Feature dashboards are an important part of SAE Evaluation. They work by:
- 1. Collecting feature activations over a larger number of examples.
- 2. Aggregating feature specific statistics (such as max activating examples).
- 3. Representing that information in a standardized way

In [None]:
from sae_vis.data_config_classes import SaeVisConfig
from sae_vis.data_storing_fns import SaeVisData
torch.cuda.empty_cache()
sae.eval()
test_feature_idx_gpt = list(range(10)) + [14057]
hook_name = sae.cfg.hook_name
feature_vis_config_gpt = SaeVisConfig(
    hook_point=hook_name,
    features=test_feature_idx_gpt,
    # batch_size=2048,
    minibatch_size_tokens=128,
    verbose=True,
)
torch.cuda.empty_cache()
sae_vis_data_gpt = SaeVisData.create(
    encoder=sae,
    model=hook_language_model, # type: ignore
    tokens=token_dataset[:1]["tokens"],  # type: ignore
    cfg=feature_vis_config_gpt,
)

In [None]:
for feature in test_feature_idx_gpt:
    filename = f"{feature}_feature_vis_demo_gpt.html"
    sae_vis_data_gpt.save_feature_centric_vis(filename, feature)
    # display_vis_inline(filename)

Now, since generating feature dashboards can be done once per sparse autoencoder, for pre-trained SAEs in the public domain, everyone can use the same dashboards.
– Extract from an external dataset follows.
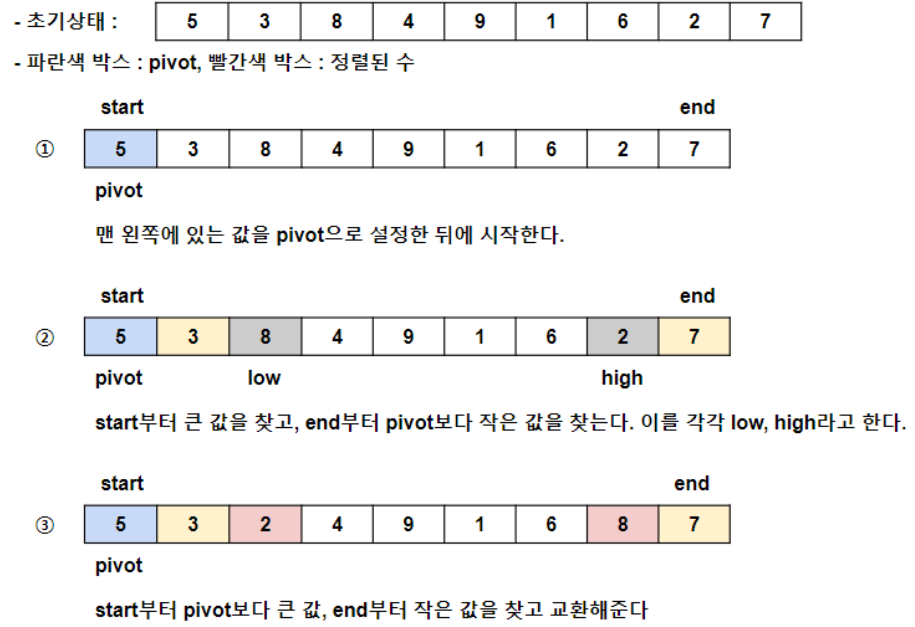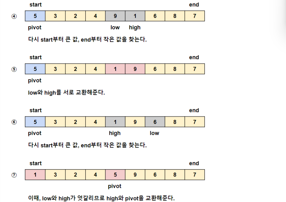 - pivot 값을 기준으로 시작점에서부터 검사해서 큰 값을, 도착점에서부터 작은 값을 찾는다.

Neuronpedia hosts dashboards which we can load via the intergration.

In [None]:
from sae_lens.analysis.neuronpedia_integration import get_neuronpedia_quick_list

# this function should open
neuronpedia_quick_list = get_neuronpedia_quick_list(
    sae=sae,
    features=test_feature_idx_gpt,

    name="A quick list we made",
)

if COLAB:
  # If you're on colab, click the link below
  print(neuronpedia_quick_list)